Dolby Chadwick Gallery is pleased to announce Zero Gravity, a solo exhibition of new works by Tom Lieber. The paintings to be exhibited will offer viewers the opportunity to appreciate and compare several of the artist’s recent creative trajectories.

The first cohort of abstract paintings spotlights Lieber’s interest in linear mark making. In Thick Gray Shield (2014) and Ochre Sprout (2013), for example, overlapping lines unravel across the canvas in spontaneous bursts of seemingly sourceless energy. Lieber started this particular body of work last summer after deciding to revisit a handful of older paintings. The process of going back in and adding new linear structures over the flatter, more diffuse underpaintings provided a fresh direction for these otherwise unfinished works. More specifically, Lieber’s interventions allowed him to move beyond his primary emphasis on color and tonal contrasts and instead explore contrasts between areas of differing weight, precision, depth, and scale. How do these spaces, conceived of in three-dimensional terms, interact with and impact one another?

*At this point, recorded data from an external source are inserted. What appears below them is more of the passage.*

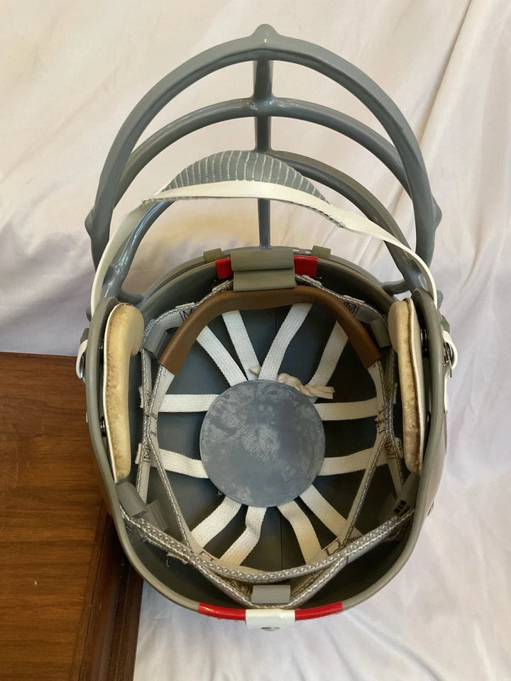 A classic step back in time! The classic shape of the Riddell RK's slightly flared shell and handsome metal rivets are complemented by the attachment of an original Riddell two bar facemask. These helmets are recently manufactured Riddell Pro-Line Authentic On Field helmets! The adult size 7 3/8 suspension webbing is identical to the original right down to the same brown thread that was used to stitch it together. Thin mil decals exactly as the originals, real leather jaw pads, gray toned strap and identical front style labeling makes this helmet indistinguishable from the original. They are painted gray inside just as the Riddell vintage originals from the 1960's, and also have the "KRA-LITE" and "RIDDell" trademarks branded into the rear of the helmet, unlike some other helmets you may find on the market these days which have neither. Do not settle for a substitute. Demand the real thing!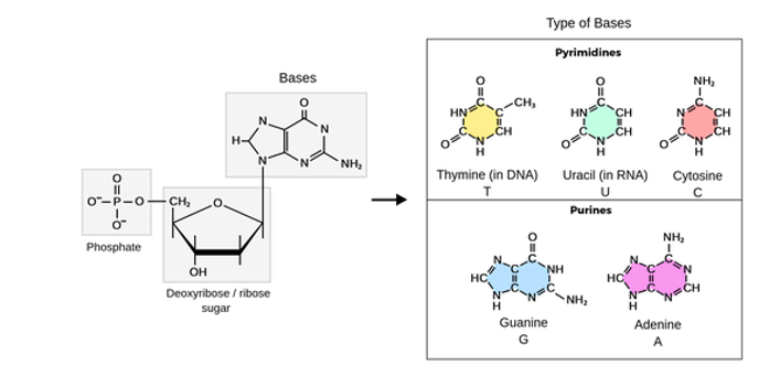 Mỗi nucleotide được cấu tạo bởi 3 thành phần: 1 đường pentose (deoxyribose và ribose) + 1 nitrogenous base (A, G, T, C, U) + 1 gốc phosphate.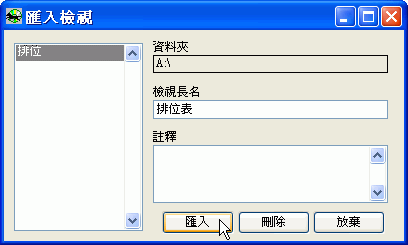 | 10. | 在左邊的檢視列表中選取您想匯入的檢視,然後按一下 [匯入] 鍵。 |

Despite Lieber’s newfound emphasis on spatial diversity, relationships between color continue to play a central role in his paintings. When Lieber first moved to Los Angeles from Kauai several years ago, he found it difficult to adjust to life in the city. Its negative characteristics—the runaway affluence, waste, and pollution—overwhelmed his perspective for upwards of a year until he was able to embrace a more optimistic outlook. “Split” paintings such as Black/White Center (2013) act as a proxy for this transition. Here, lines of color produce different effects as they move from the black half to the white half of the compositions. The intensity and richness of the color against the black background proved especially illuminating for Lieber in that it solidified his belief in the value of experiencing moments of darkness.

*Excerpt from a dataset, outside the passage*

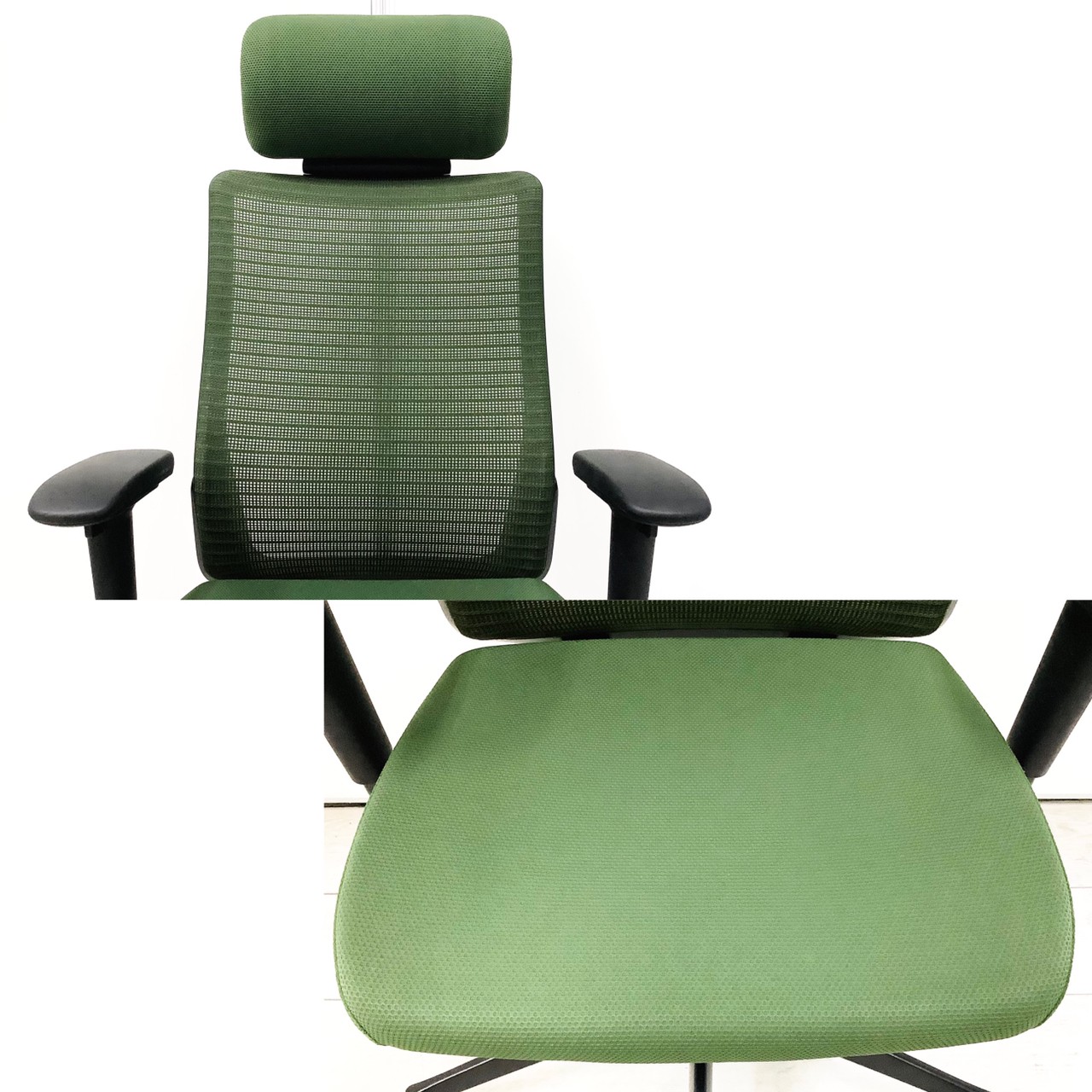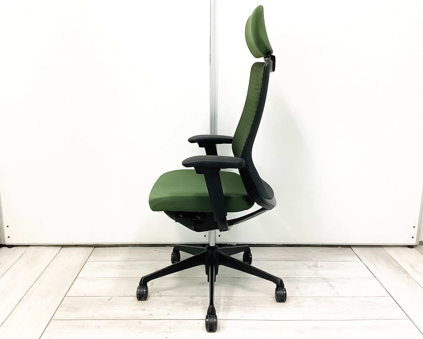 【ヘッドレスト付きならコレ!厚めのクッションで快適な座り心地を実現!】■オカムラ(okamura)製 コーラル(choral)チェア ■エクストラハイバック ■ヘッドレスト付き ■背メッシュ ■グリーン ■デザインアーム〈岐阜・愛知・三重・静岡・福井〉

The structural underpaintings of these aforementioned works are similar to those found in a third group that emphasizes weightier, more independent forms. Many of these forms are spade-like in shape, reminiscent of a human torso or the silhouette of a tree mushrooming toward sunlight. Their curved flights parallel Lieber’s interest in the act of dropping and rebounding in the way a surfer cascades down, through, and back up the barrel of a wave. The physical experience of dropping offers an intense thrill, but also a sense of peace produced by the feeling of weightlessness. When Lieber paints, he attempts to occupy a mental space akin to dropping wherein he’s both in the heart of the energy but also detached, enabling him the freedom and confidence to respond to the balance of his mark making as he works.

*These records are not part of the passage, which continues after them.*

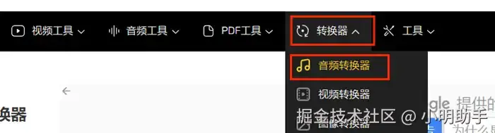 步骤2:点击首页上方的【转换器】,选择【音频转换器】。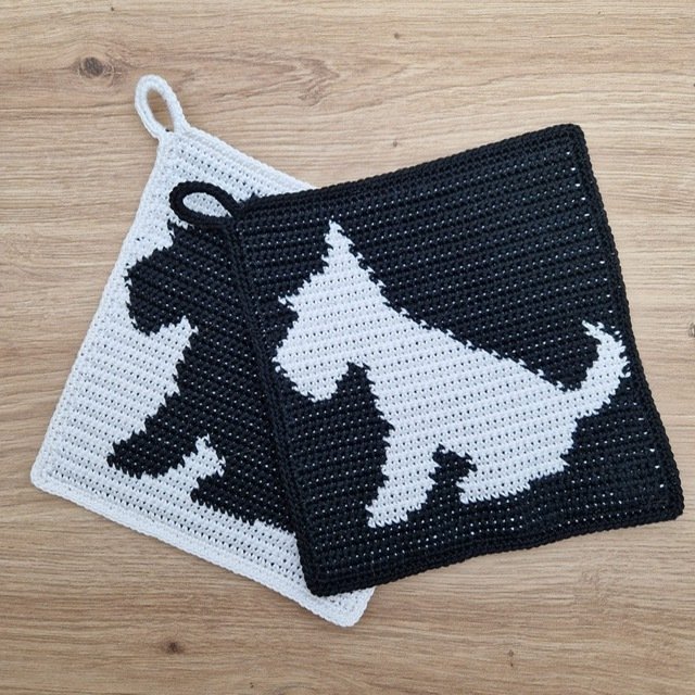 Diese Topflappen sind der Klassiker unter den gehäkelten Topflappen. Sie schützen die Hände nicht nur vor z.B. zu heißen Topfgriffen, sondern sie verschönern auch jede Küche. Gleichzeitig können sie auch als Untersetzer verwendet werden.
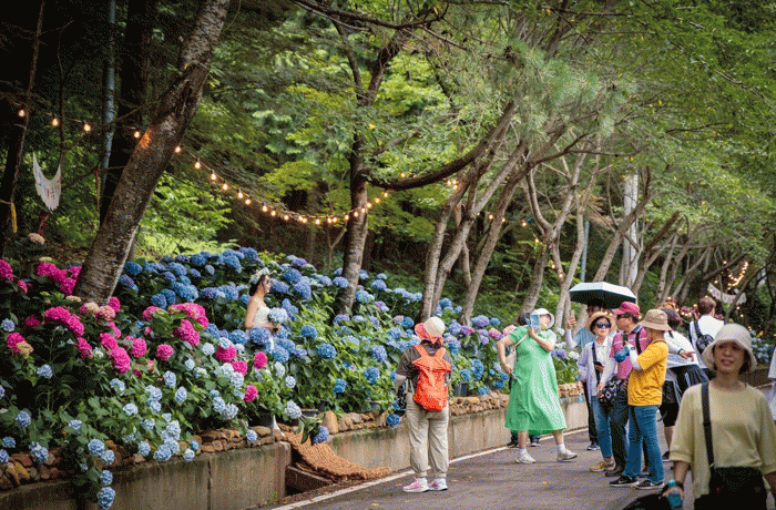 감성 포토존은 평소 보기 어려운 자주색, 파란색, 핑크색, 흰색 등 다양한 색깔의 수국들이 피어 있어 인생 사진을 남기려는 가족, 친구, 연인들로 긴 대기줄이 이어졌지만, 저마다 구경꾼이 되어 사진을 찍는 사람들을 바라보며, 기다림마저도 즐거운 시간을 보냈다.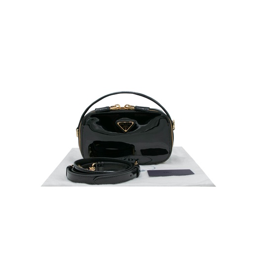 Prada Symbole Medium Embroidered Fabric Bag Black

Tom Lieber was born in St. Louis, Missouri, in 1949. He earned his B.F.A. in 1971 followed by his M.F.A. in 1974 from the University of Illinois. In addition to showing across North America and Europe, his work can be found in the permanent collections of the San Francisco Museum of Modern Art; the Guggenheim Museum of Art, New York; the Metropolitan Museum of Art, New York; the Museum of Contemporary Art, Los Angeles; and the Tate Gallery, London. In 1975, Lieber was honored with a grant from the National Endowment of the Arts. This will be Lieber’s third solo exhibition at the Dolby Chadwick Gallery.